CN550: Neural and Computational Models of Recognition, Memory, and Attention

Spring 2011 Syllabus

INSTRUCTORS:

Prof. Anatoli Gorchetchnikov

Office: Rm. 213, 677 Beacon Street

Office hours: Monday 2-4pm, Friday 1-2pm, or by appointment (email works best)

Email: anatoli (at) cns (dot) bu (dot) edu

Dr. Heather Ames

Office: Rm. 308B, 677 Beacon Street

Office hours: Monday 2-4pm or by appointment (email works best)

Email: starfly (at) cns (dot) bu (dot) edu

TEACHING ASSISTANT:

None

COURSE DESCRIPTION:

CN550 develops neural network models of how internal representations of sensory events and cognitive hypotheses are learned and remembered, and of how such representations enable recognition and recall of these events. Various neural and statistical pattern recognition models, and their historical development and applications, are analyzed. Special attention is given to stable self-organization of pattern recognition and recall by Adaptive Resonance Theory (ART) models. Mathematical techniques and definitions to support fluent access to the neural network and pattern recognition literature are developed throughout the course. Experimental data and theoretical analyses from cognitive psychology, neuropsychology, and neurophysiology of normal and abnormal individuals are also discussed. Course work emphasizes skill development, including writing, mathematics, computational analysis, teamwork, and oral communication.

CLASS PROJECT:

CN550 includes a class project, as described in the accompanying materials. Part of each class is devoted to discussion of the class project and planning for the coming week. Each student will work in a group with one or two other students. Groups should plan to meet during the weekly discussion session and at other times, as needed.

COMPUTATIONAL WORKSHOPS:

Each class will conclude with a computational workshop.

HOMEWORK:

For the second part of the class the class project serves as homework. For the first part of the class a phase plane assignment is intended as multi-week homework due at midterm.

GRADING CRITERIA:

Grades are determined by performance on:

1.      essay on readings -- 5%

2.      homework assignment -- 10%

3.      computational workshops -- 20%

4.      class project -- 20%

5.      midterm exam -- 20%

6.      final exam -- 25%

Participation in class discussions will play a role in determining the final letter grade in borderline cases.

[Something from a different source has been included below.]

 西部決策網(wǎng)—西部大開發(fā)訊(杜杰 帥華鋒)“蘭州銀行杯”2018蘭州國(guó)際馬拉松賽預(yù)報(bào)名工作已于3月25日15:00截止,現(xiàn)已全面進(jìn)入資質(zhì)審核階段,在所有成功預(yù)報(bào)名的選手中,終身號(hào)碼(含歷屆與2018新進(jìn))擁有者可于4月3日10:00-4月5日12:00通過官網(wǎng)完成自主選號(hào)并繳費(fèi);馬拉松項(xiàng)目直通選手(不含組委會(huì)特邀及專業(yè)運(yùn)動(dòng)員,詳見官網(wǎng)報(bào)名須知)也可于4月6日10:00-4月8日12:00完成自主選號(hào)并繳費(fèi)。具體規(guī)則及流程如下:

Late homework policy: 10% penalty if turned in less than one week late, 20% penalty for 1-2 weeks late, and 30% penalty for > 2 weeks late. No late homework will be accepted after the final exam.

REQUIRED TEXT:

Duda, Richard O., Hart, Peter E., & Stork, David (2001) Pattern Classification. Second Edition. New York: Wiley.

RECOMMENDED TEXTS:

Schacter, Daniel L. (1996) Searching for Memory: The Brain, the Mind, and the Past. New York: Basic Books. (paper).

Kandel, E., Schwartz, J.H., and Jessell, T.M. (2000). Principles of Neural Science, 4th Edition. New York: McGraw-Hill.

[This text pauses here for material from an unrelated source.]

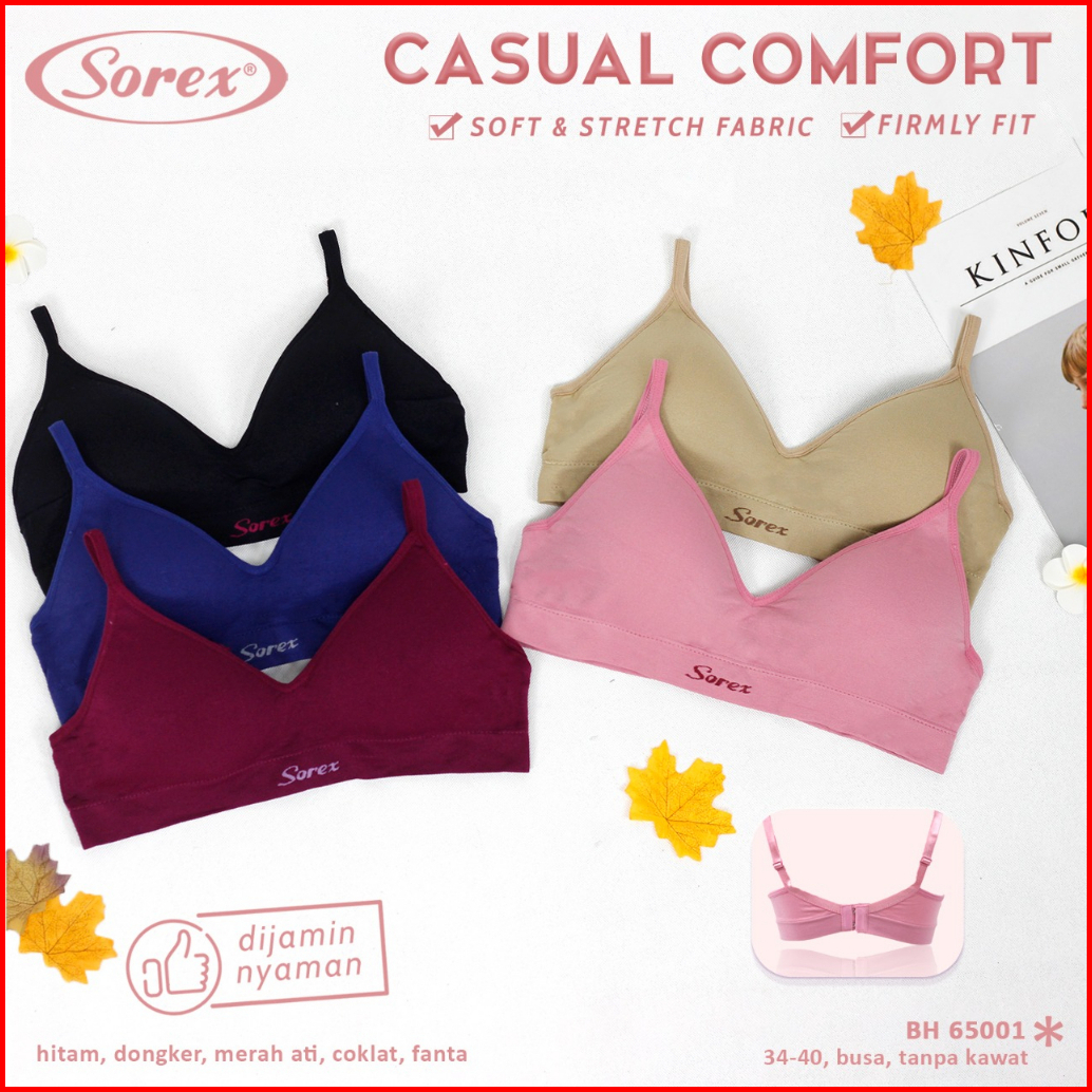 Sorex Bra 65001 Bh Tanpa Kawat Busa Tipis Cup Sedang Size 34-40 Kait 2 Sport Casual Comfort

Levine, D.S. (2000). Introduction to Neural and Cognitive Modeling, 2nd Edition. Hillsdale, NJ: Erlbaum.

Strunk, William, Jr., & White E.B. (1959-2000) The Elements of Style, Fourth Edition. Needham Heights, MA: Allyn & Bacon.

OTHER USEFUL RESOURCES:

APA style: http://www.apastyle.org/, http://www.bridgewater.edu/WritingCenter/manual/APAformat.htm

Hettich, S., & Bay, S.D. (1999) The UCI KDD Archive. Irvine, CA: University of California, Department of Information and Computer Science. http://www.ics.uci.edu/~mlearn/MLRepository.html

CN 710 materials

Fall 2008http://cns.bu.edu/cn710/Fall2008/

Fall 2007http://cns.bu.edu/cn710/Fall2007/

Fall 2006http://cns.bu.edu/cn710/Fall2006/pmwiki.php?n=Main.HomePage

Spring 2006 http://cns.bu.edu/cn710/Spring2006/pmwiki.php?n=Main.HomePage

OTHER USEFUL TEXTS:

Too many to list here, please download the pdf.

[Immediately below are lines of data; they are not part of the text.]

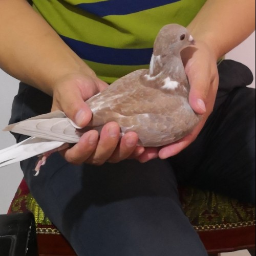 母鸽,灰插白条雌,桑杰士血系。出自比利时赛鸽家罗尼.凡瑞特原舍种鸽。
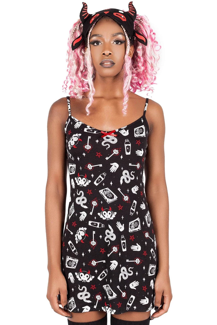 Get down and cozy with the ‘See U In Hell’ sleep dress; featuring a fitted body with lace trims in a super-soft fabric with just the right amount of stretch – for perfect comfort and fit! Statement contrasting print all over, thin straps and easy to wear from dusk to dawn.
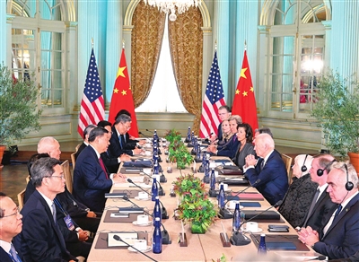 习近平指出,当今世界正经历百年未有之大变局,中美有两种选择:一种是加强团结合作,携手应对全球性挑战,促进世界安全和繁荣。另一种是抱持零和思维,挑动阵营对立,让世界走向动荡和分裂。两种选择代表着两个方向,将决定人类前途和地球未来。作为世界上最重要的双边关系,中美关系要放在这个大背景下思考和谋划。中美不打交道是不行的,想改变对方是不切实际的,冲突对抗的后果是谁都不能承受的。大国竞争解决不了中美两国和世界面临的问题。这个地球容得下中美两国。中美各自的成功是彼此的机遇。
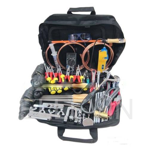 Набор инструментов НИР-ХК-01 включает: плоскогубцы, кусачки, длинногубцы, ключи вентильные, набор отверток, напильники, ножовку по металлу, ножницы для резки капиллярной трубы, горелку со шлангом, труборез, трубогиб, набор вальцовок, зеркало, течеискатель фреона, риммер, герметик.

SESSION 1 (January 24) Overview, history, philosophy, benchmark database studies

Course goals, topics, methods, assignments.

Historical review of principal neural network modules for learning, pattern recognition, and associative memory.

Class project: Comparative studies of supervised learning systems.

Benchmark database studies.

Readings:

Daugman, John G. (1990) Brain metaphor and brain theory. In Eric Schwartz (Ed.) Computational Neuroscience. Cambridge, Mass. : MIT Press. Chapter 2: pp. 9-18.

Borges, Jorge Luis (1942) Funes, the Memorious. In: Ficciones (translation), New York: Grove Press (1962), pp. 107-115.

Henig, Robin Marantz (2004) The quest to forget. The New York Times Magazine, April 4, 2004, pp. 32-37.

Treffert, Darold A., and Christensen, Daniel D. (2005) Inside the mind of a savant. Scientific American, Dec., pp. 108-113.

Carpenter, Gail A. (1989) Neural network models for pattern recognition and associative memory. Neural Networks, 2, 243-257.

McCulloch, Warren S., & Pitts, Walter (1943) A logical calculus of the ideas immanent in nervous activity. Bulletin of Mathematical Biophysics, 5, 115-133.

Bower, Gordon H. (2000) A brief history of memory research. In Endel Tulving & Fergus I.M. Craik, (Eds.) The Oxford Handbook of Memory. New York: Oxford University Press, Chapter 1, pp. 3-32.

Smith, Edward E., & Medin, Douglas L. (1981) Categories and Concepts. Cambridge, Mass.: Harvard University Press. Chapters 1-2, pp. 1-21.

Grossberg, Stephen (1982) Studies of Mind and Brain. Boston: Reidel / Kluwer Publ. - Preface, Introduction, and prefaces of chapters 1-13.

Supplemental materials:

http://www.npr.org/templates/story/story.php?storyId=5352811

Unique memory lets woman replay life like a movie. Morning Edition, April 20, 2006 -- Neurobiologist James McGaugh, one of the world's experts on human memory, says that a woman he calls AJ has a one-of-a-kind memory. In an interview with NPR, she talks about what life is like for someone who can remember things she's done and news events from almost every day of her life for the past 25 years. Her life is like a split-screen movie, with the past running almost as vividly as the present.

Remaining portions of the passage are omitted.